Figure 3–7 SPARC: Failover and Scalable Resource Group Example

Illustration: The preceding context describes the graphic.

Load-Balancing Policies

Load balancing improves performance of the scalable service, both in response time and in throughput. There are two classes of scalable data services.

A pure service is capable of having any of its instances respond to client requests. A sticky service is capable of having a client send requests to the same instance. Those requests are not redirected to other instances.

A pure service uses a weighted load-balancing policy. Under this load-balancing policy, client requests are by default uniformly distributed over the server instances in the cluster. For example, in a three-node cluster, suppose that each node has the weight of 1. Each node will service 1/3 of the requests from any client on behalf of that service. The administrator can change weights at any time through the scrgadm(1M) command interface or through the SunPlex Manager GUI.

A sticky service has two flavors, ordinary sticky and wildcard sticky. Sticky services enable concurrent application-level sessions over multiple TCP connections to share in-state memory (application session state).

Ordinary sticky services enable a client to share state between multiple concurrent TCP connections. The client is said to be “sticky” toward that server instance listening on a single port. The client is guaranteed that all requests go to the same server instance, provided that instance remains up and accessible and the load-balancing policy is not changed while the service is online.

For example, a web browser on the client connects to a shared IP address on port 80 using three different TCP connections. However, the connections exchange cached session information between them at the service.

A generalization of a sticky policy extends to multiple scalable services that exchange session information in the background and at the same instance. When these services exchange session information in the background and at the same instance, the client is said to be “sticky” toward multiple server instances on the same node listening on different ports .

For example, a customer on an e-commerce site fills the shopping cart with items by using HTTP on port 80. The customer then switches to SSL on port 443 to send secure data to pay by credit card for the items in the cart.

Wildcard sticky services use dynamically assigned port numbers, but still expect client requests to go to the same node. The client is “sticky wildcard” over pots that have the same IP address.

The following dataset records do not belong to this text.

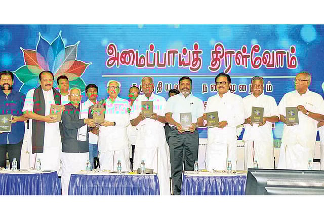 விடுதலை சிறுத்தைகள் கட்சி தலைவர் தொல்.திருமாவளவன் எழுதிய அமைப்பாய்த் திரள்வோம் என்ற புத்தகத்தின் வெளியீட்டு விழா சென்னையில் நேற்று மாலை நடைபெற்றது. இந்திய கம்யூனிஸ்டு கட்சியின் மூத்த தலைவர் ஆர்.நல்லக்கண்ணு தலைமை தாங்கினார். தி.மு.க. பொதுச்செயலாளர் க.அன்பழகன் புத்தகத்தை வெளியிட, திராவிடர் கழக தலைவர் கி.வீரமணி பெற்றுக்கொண்டார்.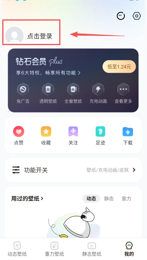 3、要使用完整功能,第一步需完成“点击登录”操作,登录后会展示会员特权相关信息,例如每天都能以低价使用所有壁纸。
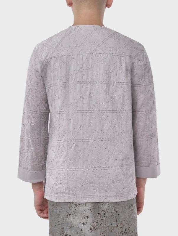 Ezfahan in Silver Grey is crafted from premium fabric and lined with smooth silk satin, offering a luxurious feel and refined finish. Featuring its signature curved overlap collar, this timeless piece blends modern tailoring with effortless elegance.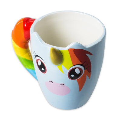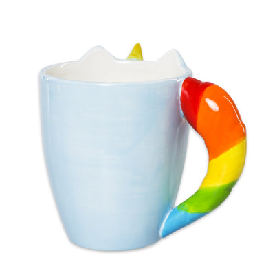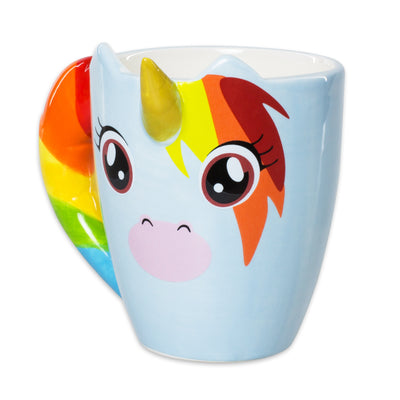 Natürlich verdienen ultimative Fabeltiere und ihre Fans auch einen ultimativen Becher: den Regenbogen-Einhorn Becher! Dieser rundum bedruckte Becher erstrahlt in himmlischem Blau und zeigt das Konterfei eines echten Einhorns, das mit seiner kecken Haartolle und dem Regenbogenschweif Stilsicherheit hoch zehn beweist. Aber es gibt noch mehr zu entdecken: Das putzige Einhorn verfügt über ein dreidimensionales Horn, das aus dem Becher hervorragt und förmlich dazu einlädt, Löffel darauf zu balancieren, Teebeutel festzubinden und Eheringe aufzuhängen. Du siehst also: Auch im Bereich der Haushaltsgegenstände können Einhörender auf ganzer Linie überzeugen.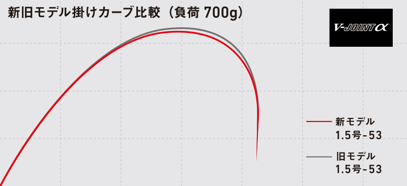 一定負荷において穂先はこの位置だが、さらに負荷が増すと、V-JOINTαの効果でスムーズに節が張りすぎることなく曲がりこみ、急激な魚の引きに追従する調子となっている。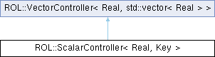 Inheritance diagram for ROL::ScalarController< Real, Key >:Public Member Functions | |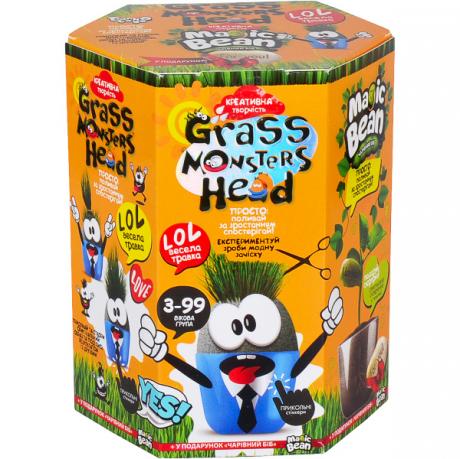 Набір креативної творчості "GRASS MONSTERS HEAD" - просто поливай і за зростанням спостерігай!!! В комплекті : скляночка заготівля з насінням 1шт, комплект стікеров, чарівний біб 1 шт, скляночка 1шт, інструкція. Оформлення українською мовою. Вік 3+. Розмір упаковки 14*11,5*6см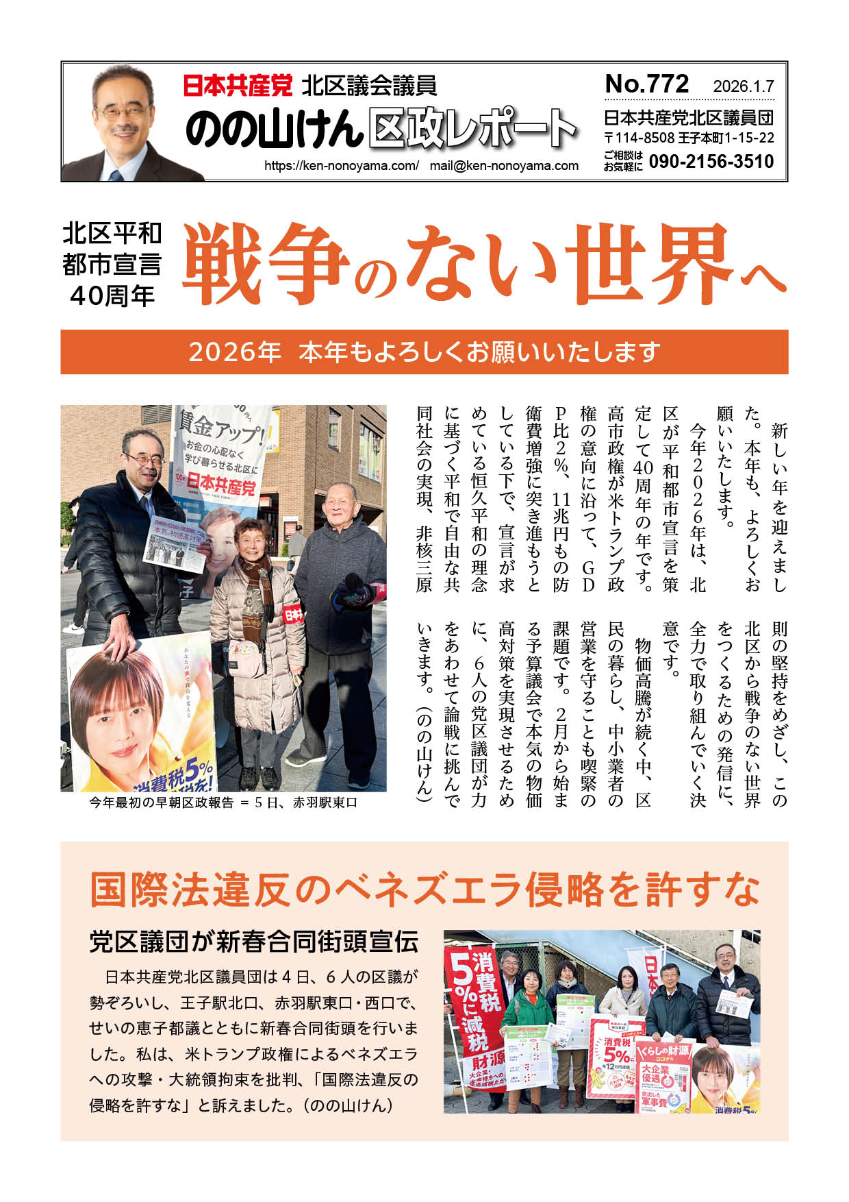 国政法違反のベネズエラ侵略を許すな 党区議団が新春合同街頭宣伝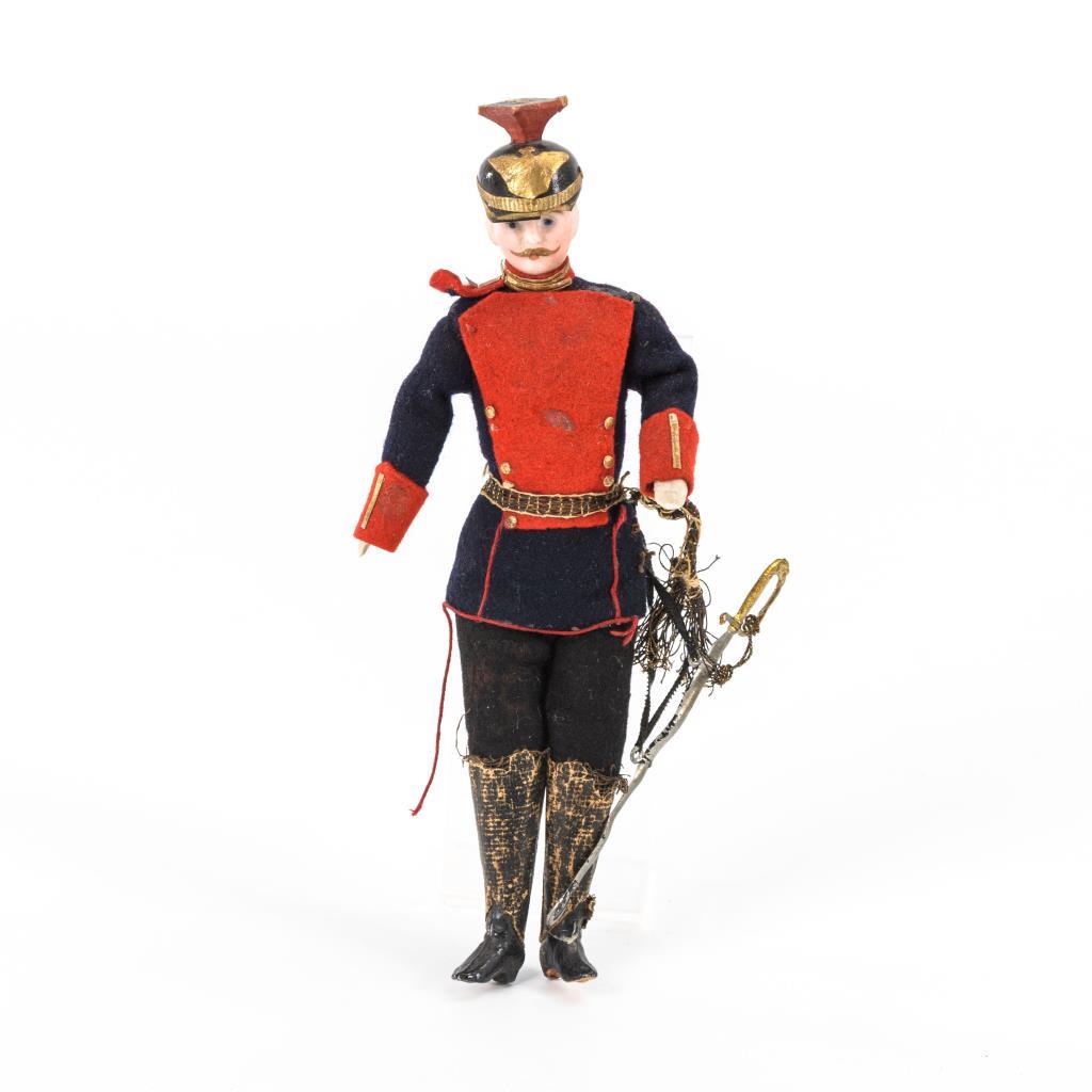 Offizier mit Brustkopf und modelliertem Schnurrbart, in dunkelblau-roter Uniform aus Filz, mit Tschapka für Unteroffiziere oder Einjährig-Freiwillige des Ulanen-Regiments. Mit Degen und schwarzen Stiefeln. Altersspuren.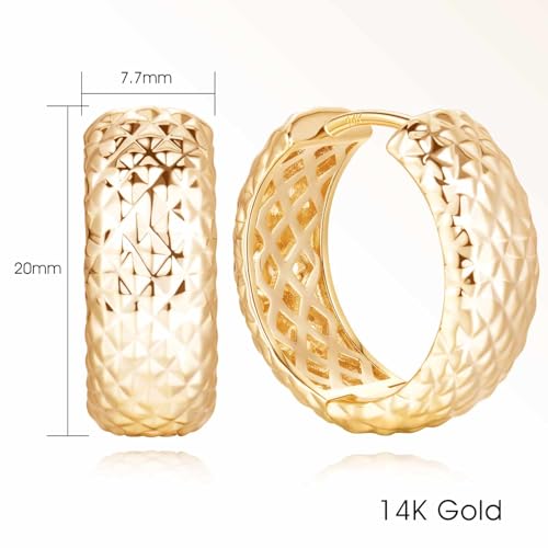 • 【Elegant Mesh Pattern】The intricate mesh pattern of the 14k gold hoop earrings for women adds a modern twist to these unique hoop earrings, making the gold plated earrings for sensitive ears hypoallergenic earrings for women a fashionable accessory for any occasion.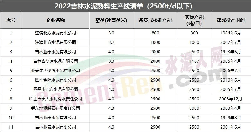 吉林要求2025年底前通過(guò)省內(nèi)產(chǎn)能置換,逐步退出2500t/d以下熟料生產(chǎn)線(xiàn)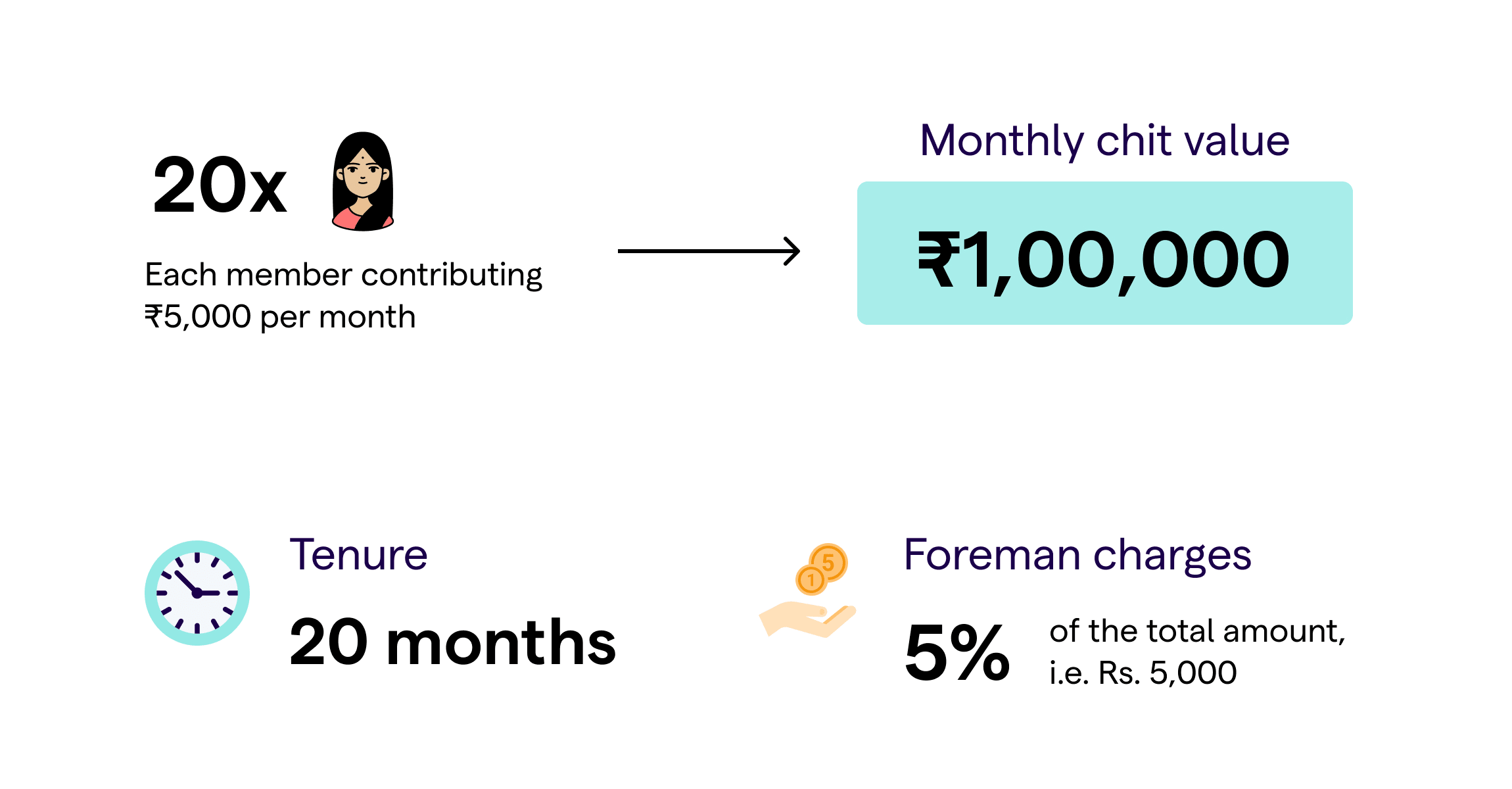 Let’s say there are 20 people in your society who want to come together and form a chit-fund group. Let’s name this group “Chitters”. Each member of chitters wants to save ₹ 5,000 in cash and preferably every month. They wish to invest for around two years but would also like the flexibility of withdrawing a lump sum in case they need the money for any reason. A rule of thumb for chit funds is that the number of group members is equal to the tenure of that chit fund. This ensures that every month one person can bid for the lump sum amount.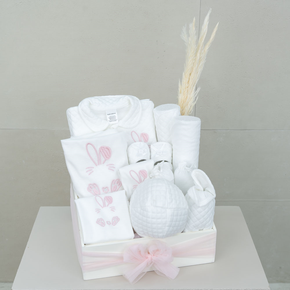 صندوق خشبي مزين بالزهور المجففة يحتوي على مستلزمات الطفل.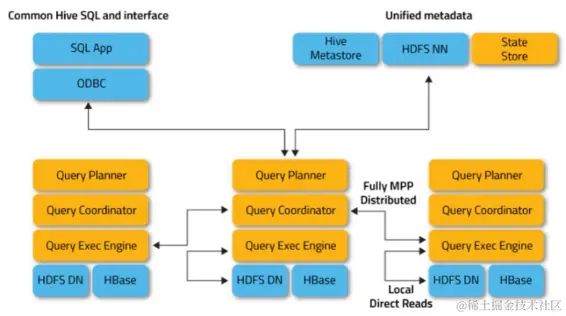 从上面介绍的大数据架构的数仓能力来看为了支持大数据量处理、扩展性和容错性等能力,将不同的组件按照一定的架构“范式”进行叠加,存在架构极其复杂且维护成本很高,采用分布式处理框架查询性能比较低,而且事务支持较弱等问题,因此无法替代传统数仓。但是传统数仓存在集群规模小、并发能力不高、动态扩展性差等问题,因此业界出现了大数据数仓和传统数仓进行互补的新式架构的数仓。在大数据的存储能力基础上使用MPP的架构优势提高计算的实时型,典型数仓产品Impala、Presto/Trino、Hawq等产品,这里以Impala为例,其架构如下图所示: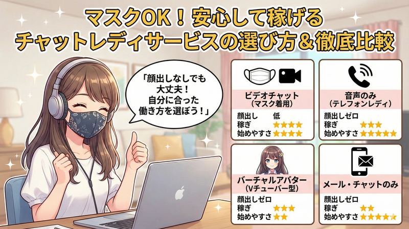 顔出しへの抵抗が強い方は、まずテレフォンレディやメールレディから始めて、チャットレディの仕組みや稼ぎ方に慣れてからビデオチャット(マスク着用)に移行する方法もおすすめです。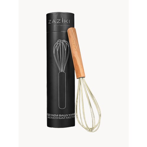Венчик для взбивания Zaziki изготовлен из оливкового дерева, что придает ему прочность и долговечность. Золотистый цвет и стильный дизайн делают его привлекательным аксессуаром на вашей кухне.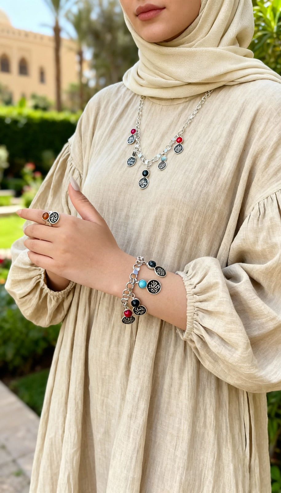 - مادة الحجر: نيكس ، فيروزي، ودلايات مزخرفة بالخط العربي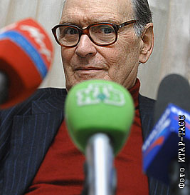 Композитор Эннио Морриконе на пресс-конференци в гостинице "Балчуг-Кемпински"

A good example of this policy is passive mode FTP. For example, a client connects to an FTP server on port 21. The server then instructs the client to connect back to a listener port server in the dynamic port range. All requests for this IP address are forwarded to the same node that the server informed the client through the control information .

For each of these sticky policies, the weighted load-balancing policy is in effect by default. Therefore, a client's initial request is directed to the instance that the load balancer dictates. After the client establishes an affinity for the node where the instance is running, future requests are conditionally directed to that instance. The node must be accessible and the load-balancing policy must not have changed.

Additional details of the specific load-balancing policies are as follows.

Failback Settings

Resource groups fail over from one node to another. When this failover occurs, the original secondary becomes the new primary. The failback settings specify the actions that will occur when the original primary comes back online. The options are to have the original primary become the primary again (failback) or to allow the current primary to remain. You specify the option you want by using the Failback resource group property setting.

If the original node that hosts the resource group fails and reboots repeatedly, setting failback might result in reduced availability for the resource group.

Data Services Fault Monitors

Each Sun Cluster data service supplies a fault monitor that periodically probes the data service to determine its health. A fault monitor verifies that the application daemon(s) are running and that clients are being served. Based on the information that probes return, predefined actions such as restarting daemons or causing a failover can be initiated.